Are standalone statements conventionally considered to imply truth? From what I understand, the statement $\exists x(p(x) \vee q(x))$ in the English language sounds something like this: "There exists $x$ such that $p(x)$ or $q(x)$". But this sounds like an incomplete claim; "There exists $x$ such that $p(x)$ or $q(x)$ what? Are true?

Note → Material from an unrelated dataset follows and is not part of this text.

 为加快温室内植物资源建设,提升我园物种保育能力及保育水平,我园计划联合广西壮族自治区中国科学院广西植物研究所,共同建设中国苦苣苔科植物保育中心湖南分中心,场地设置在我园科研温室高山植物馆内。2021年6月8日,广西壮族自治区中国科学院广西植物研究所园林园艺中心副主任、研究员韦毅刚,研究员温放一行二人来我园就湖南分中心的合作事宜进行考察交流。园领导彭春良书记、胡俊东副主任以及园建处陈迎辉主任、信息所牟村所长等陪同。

Are false? 
 A: Logical formulae like this are always meant to be true, and if what they express is false, so is the formula.
That is, the formula you gave essentially says "It is true that there is an x which is p or q", but since the "It is true that..."-part is already part of the semantics of logical formulae anyway, you wouldn't explicitly spell out this when translating predicate logic into natural language - just like in natural language you don't say either "It is true that the sun shines" but simply "The sun shines."  
The reason why "... such that p(x) or q(x)" sounds incomplete may also be due to "p(x)" and "q(x)" not actually being full sentences with a verb etc. as we would expect but just abbreviations; if we substituted "p" and "q" for e.g. to "dog" and "hungry" (and the choice of variable and constant names is irrelevant to the semantics of the formula, as long as we stick to a unique interpretation of them), we could translate the formula into "There exists an x such that x is a dog and x his hungry", which doesn't sound incomplete at all.
So the reason why the formula may sound like an incomplete term to you probably is due to the poor level of translation into natrual language sentences (wording it as "such that p(x)", which isn't a "complete" sentence in sense of lacking a verb etc., instead of wording it e.g. "such that x is p"), rather than the formula itself being incomplete.
The default assumption is always that what the formula expresses is true, and if this is not the case, so is the formula.